- Task goal: Transcribe the entries below with complete accuracy, excluding the pictures.

·····

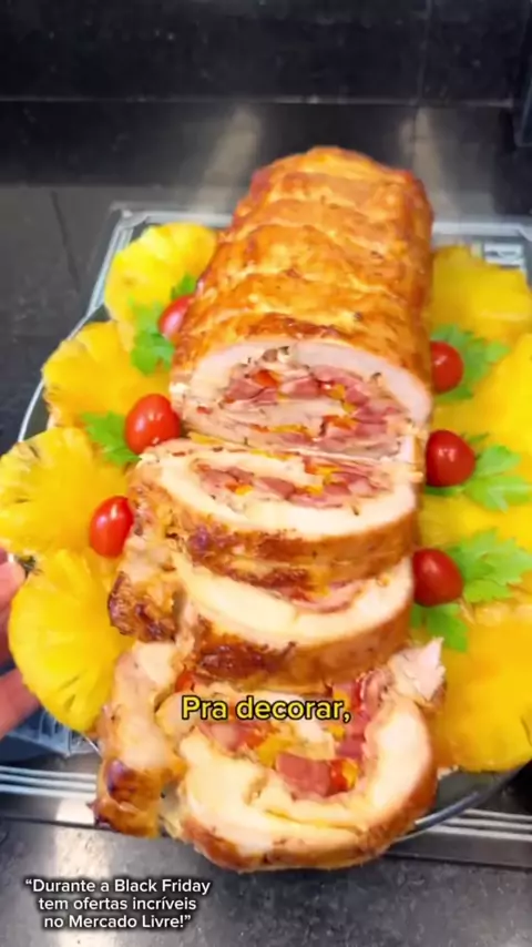 Lombo recheado com Abacaxi 🍍 ✨Ingredientes: 1,2kg de lombo suíno 200g de bacon 1 calabresa Pimentão verde e pimentão amarelo ✨Marinada do Lombo: 4 dentes de alho 1 limão 2 colheres de mostarda 2 colheres de shoyu Sal Páprica picante Chimichurri Pimenta calabresa ✨Abacaxi caramelizado: 1/2 abacaxi com rodelas 1 xícara de açúcar ✨Molho de abacaxi: 2 colheres de manteiga 1/2 abacaxi picado 2 colheres de açúcar #Receita #receitas #Natal #kwai #viral
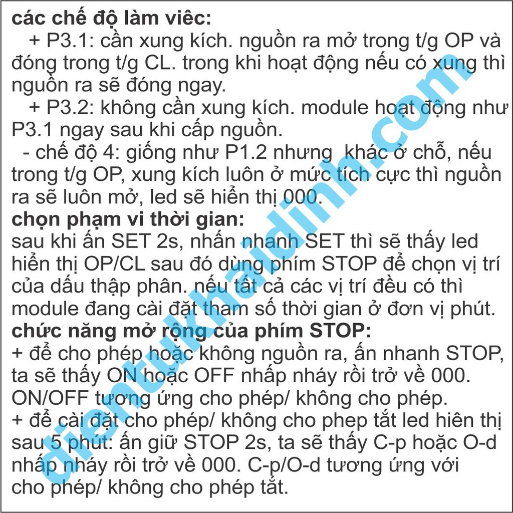 MODULE DELAY, đóng mở thiết bị 0.1S-999phút 3 LED 7 đoạn HIỂN THỊ, 4 PHÍM NHẬP, dùng MOSFET kde4900
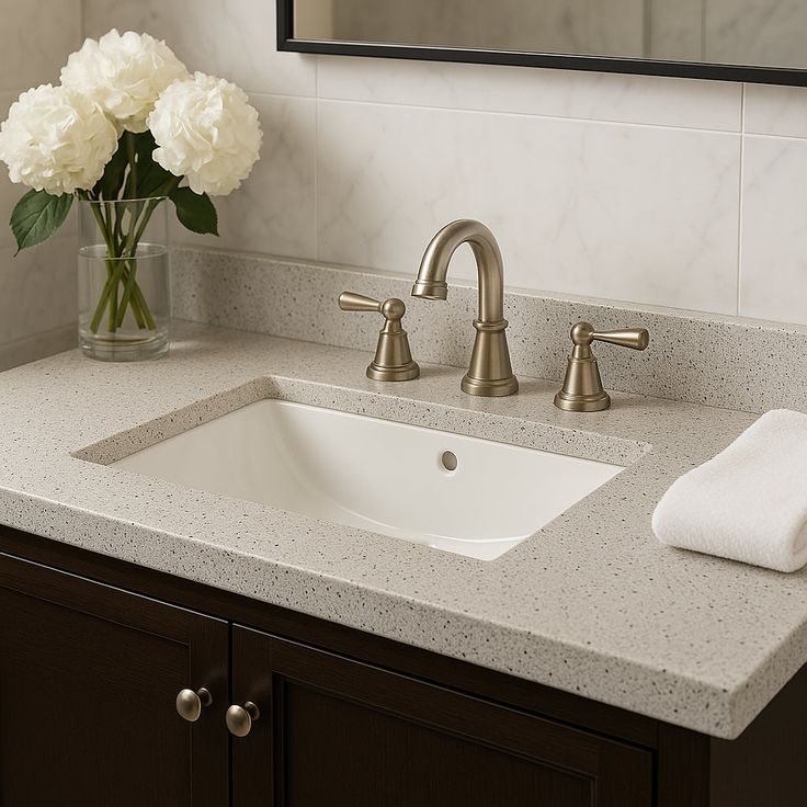 Transform your bathroom into a sanctuary of sophistication with this exquisite vanity top. The Silver Ash finish, with its delicate flecks and smooth surface, evokes a sense of refined luxury. Pair it with sleek chrome fixtures to enhance its modern appeal, or contrast it with dark cabinetry for a striking visual effect. This vanity top is not just a functional addition but a statement piece that embodies elegance and practicality.
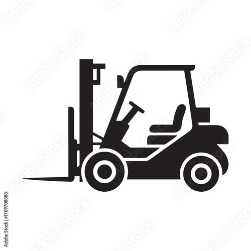 © JESMIN, Fototapeta premium Simple forklift truck with forks vector silhouette icon on white background
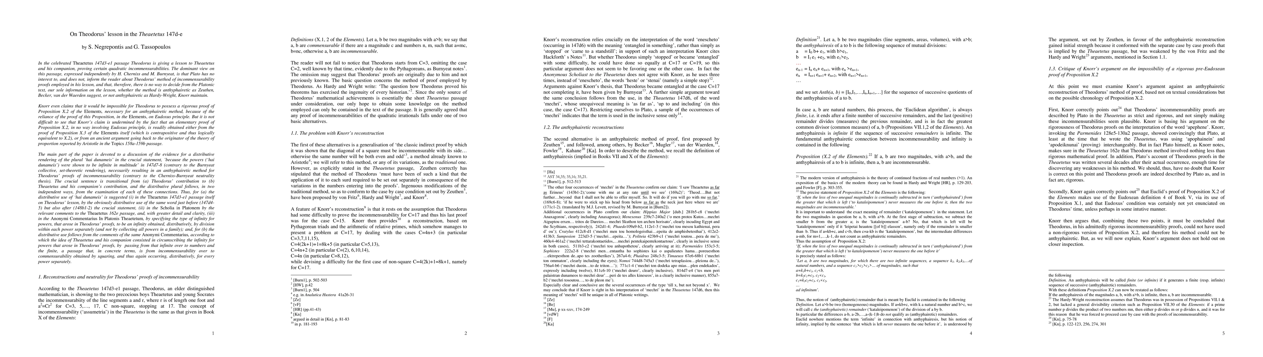 This paper argues against the dominant view that Plato does not inform readers about Theodorus' method for proving quadratic incommensurabilities in Theaetetus 147d-e. It supports a distributive interpretation of 'hai dunameis', suggesting Theodorus' method was anthyphairetic, contrary to the neutrality thesis of Cherniss and Burnyeat.
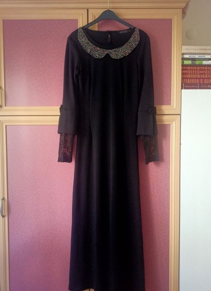 Drapeli tasarıma sahip siyah uzun elbise, nakış detayları ve kayık yaka ile klasik şıklık sunar. Dantel detaylı uzun kolludur. Abiye olarak kullanılabilir.
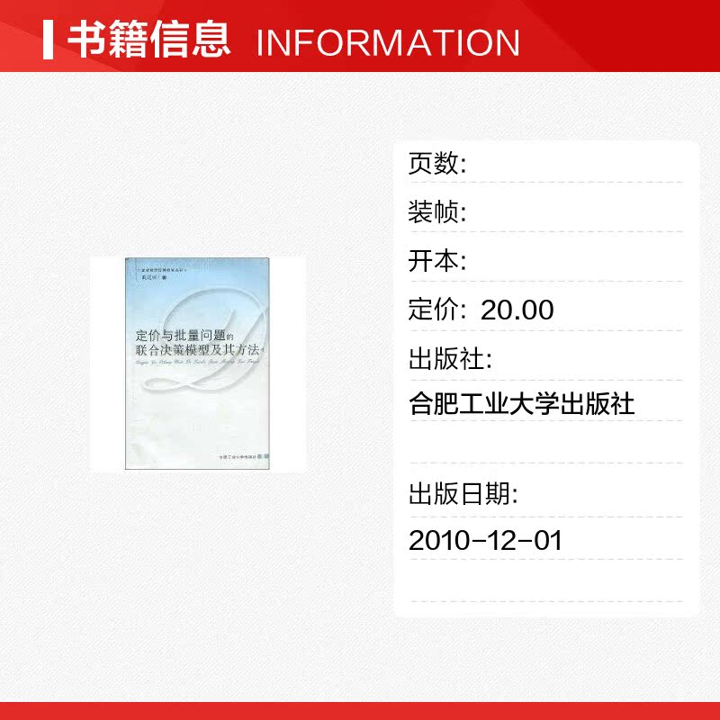 励志 社 戴道明 合肥工业大学出版 图书籍 新华书店正版 广告营销经管 著 著作 联合决策模型及其方法 定价与批量问题
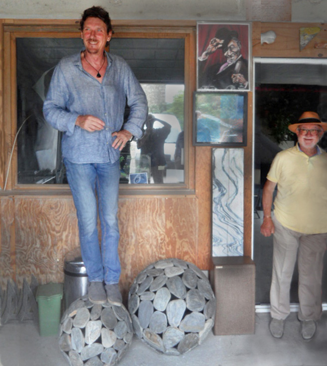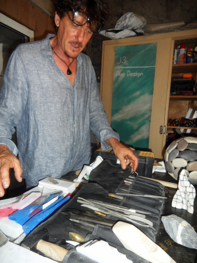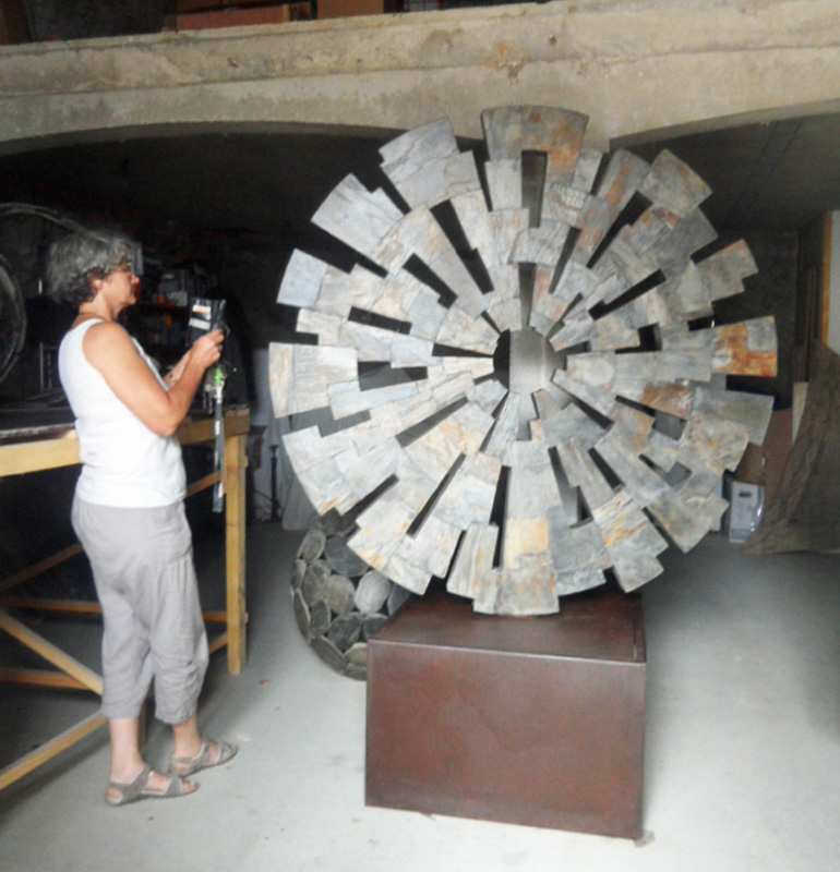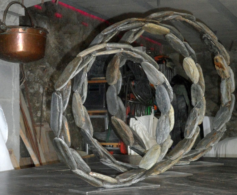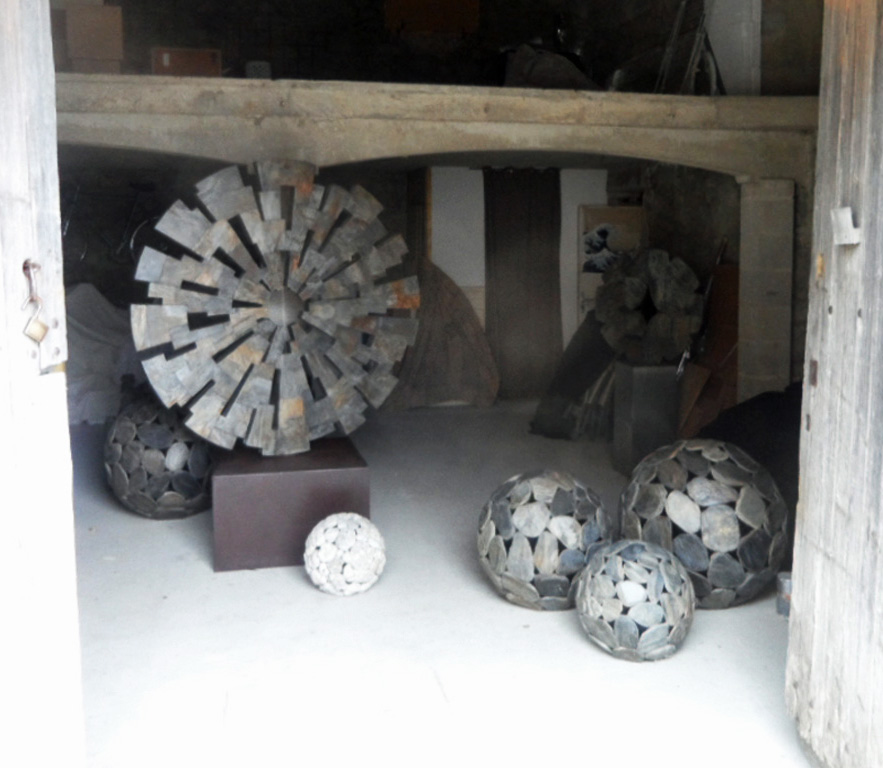 In the morning we paid a visit to the workshop of sculptor Denis Augé, in Fabrezan (Aude). He is one of a rare group of sculptors that work with stone/pebbles. His pieces are designed to decorate gardens. As a result of his training in electro-mechanical engineering and robotics, he has invented and patented glue that allows him to stick stones together, and in particular, the schist derived from the Montagne Noire. He creates extremely solid structures such as spheres and circles, including structures of different sizes where the stones take on an airy appearance, playing games with light.

·····

- Expected answer:
 Lombo recheado com Abacaxi 🍍 ✨Ingredientes: 1,2kg de lombo suíno 200g de bacon 1 calabresa Pimentão verde e pimentão amarelo ✨Marinada do Lombo: 4 dentes de alho 1 limão 2 colheres de mostarda 2 colheres de shoyu Sal Páprica picante Chimichurri Pimenta calabresa ✨Abacaxi caramelizado: 1/2 abacaxi com rodelas 1 xícara de açúcar ✨Molho de abacaxi: 2 colheres de manteiga 1/2 abacaxi picado 2 colheres de açúcar #Receita #receitas #Natal #kwai #viral
 MODULE DELAY, đóng mở thiết bị 0.1S-999phút 3 LED 7 đoạn HIỂN THỊ, 4 PHÍM NHẬP, dùng MOSFET kde4900
 Transform your bathroom into a sanctuary of sophistication with this exquisite vanity top. The Silver Ash finish, with its delicate flecks and smooth surface, evokes a sense of refined luxury. Pair it with sleek chrome fixtures to enhance its modern appeal, or contrast it with dark cabinetry for a striking visual effect. This vanity top is not just a functional addition but a statement piece that embodies elegance and practicality.
 © JESMIN, Fototapeta premium Simple forklift truck with forks vector silhouette icon on white background
 This paper argues against the dominant view that Plato does not inform readers about Theodorus' method for proving quadratic incommensurabilities in Theaetetus 147d-e. It supports a distributive interpretation of 'hai dunameis', suggesting Theodorus' method was anthyphairetic, contrary to the neutrality thesis of Cherniss and Burnyeat.
 Drapeli tasarıma sahip siyah uzun elbise, nakış detayları ve kayık yaka ile klasik şıklık sunar. Dantel detaylı uzun kolludur. Abiye olarak kullanılabilir.
 励志 社 戴道明 合肥工业大学出版 图书籍 新华书店正版 广告营销经管 著 著作 联合决策模型及其方法 定价与批量问题
 In the morning we paid a visit to the workshop of sculptor Denis Augé, in Fabrezan (Aude). He is one of a rare group of sculptors that work with stone/pebbles. His pieces are designed to decorate gardens. As a result of his training in electro-mechanical engineering and robotics, he has invented and patented glue that allows him to stick stones together, and in particular, the schist derived from the Montagne Noire. He creates extremely solid structures such as spheres and circles, including structures of different sizes where the stones take on an airy appearance, playing games with light.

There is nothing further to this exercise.